After we learned about the history of Lowell and the mills at the museum, we went into a large room with a lot of power looms, in time for them to be turned on. Though they were very loud, it wasn’t bad enough that I had to cover my ears in pain. A video of a power loom turned on is below. I could however understand how it could be painful and damaging to a person’s ears if that was in your ears all day and every day for an extended period of time. In addition, the power looms produced a lot of airborne impurities that affected the health of the workers. Many workers had lung ailments as a result of breathing in these hazardous fumes. But what did they know about hazardous fumes? Or rather, who cared? The whole thing was one big business.
We also saw an exhibit on Charles Dickens’s visits to Lowell. He wanted to write a travel book about America that did not agree with all the other British travel books of the time. So, he came to the US. Initially, his outlook on the US was very positive. He liked how factory workers here were very well treated, unlike in Britain. He donated large sums of money to help the blind read his books. He made many lasting friendships in America. Still, as he discovered the relationship between mill owners and slave owners, his outlook worsened. He hated seeing slavery in America, and avoided going further south than Virginia, changing his initial plans to do so. Eventually, when he wrote his travel book, he had the same opinion as all the others: that our country was a dismal place.

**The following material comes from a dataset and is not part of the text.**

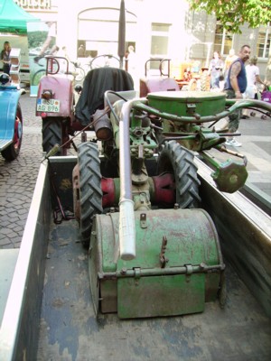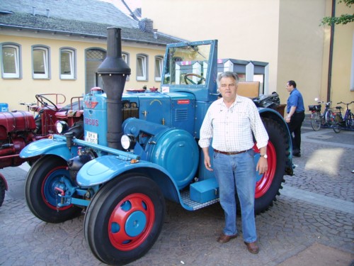 Kurzportrait Manfred Sardo Auch Manfred Sardo wuchs in der Vorgebirgslandwirtschaft auf, insbesondere in dem kleinen Unternehmen seiner Großeltern. Er selbst absolvierte mit bestem Erfolg eine Gärtnerausbildung und betreibt heute unter anderem ein Obst- und Gemüsegeschäft in Hürth-Fischenich. Kein Wunder also, dass Traktoren in seinem Leben auch beruflich noch eine Rolle spielen. Hierzu sind der rechts abgebildete Fahr und darüber hinaus auch noch ein Deutz D 30 S regelmäßig im produktiven Erwerbs-Einsatz. Allerdings geht seine Liebe zu alten Schleppern noch weiter, was ihm sogar schon - seinem jungen Alter zum Trotz - für die Eröffnung eines kleinen Schlepper-Museums gereichen könnte. Sein Eigen nennt er noch einen echten Lanz Bulldog D 9506 mit über 10 Litern Hubraum und 45 PS aus einem Zylinder sowie einen Kramer KLS 140. Klar, das auch er

Coming back to the debate between Hamilton and Jefferson’s points of view, how much have we as a society really progressed almost 70 years since the end of the mill era? How different are we from that era? I think we aren’t that different, although we’d all like to think we are. The exploitation and greed of the wealthy still exist, even today. Even with all our advancements in technology, in this respect we are still as bad as we were then, maybe even worse. Instead of exploiting immigrants, we now exploit the poor overseas, forcing them to work almost 35 hours straight, paid only 31 cents an hour, just so we can get our iPhone 5 23% cheaper. All our politicians talk about bringing work back to America, yet they admit it is cheaper to open sweatshops overseas. Is this what the world has come to?
In summary, no matter how much we try to put the past behind us as we treat it like a relic that deserves countless museums and monuments, we are still facing some of the same problems that we faced in that era. I think that only when we put the problems of exploitation of workers and the greed of the wealthy behind us and completely abandon them, we can preserve these problems in museums as a thing of the past.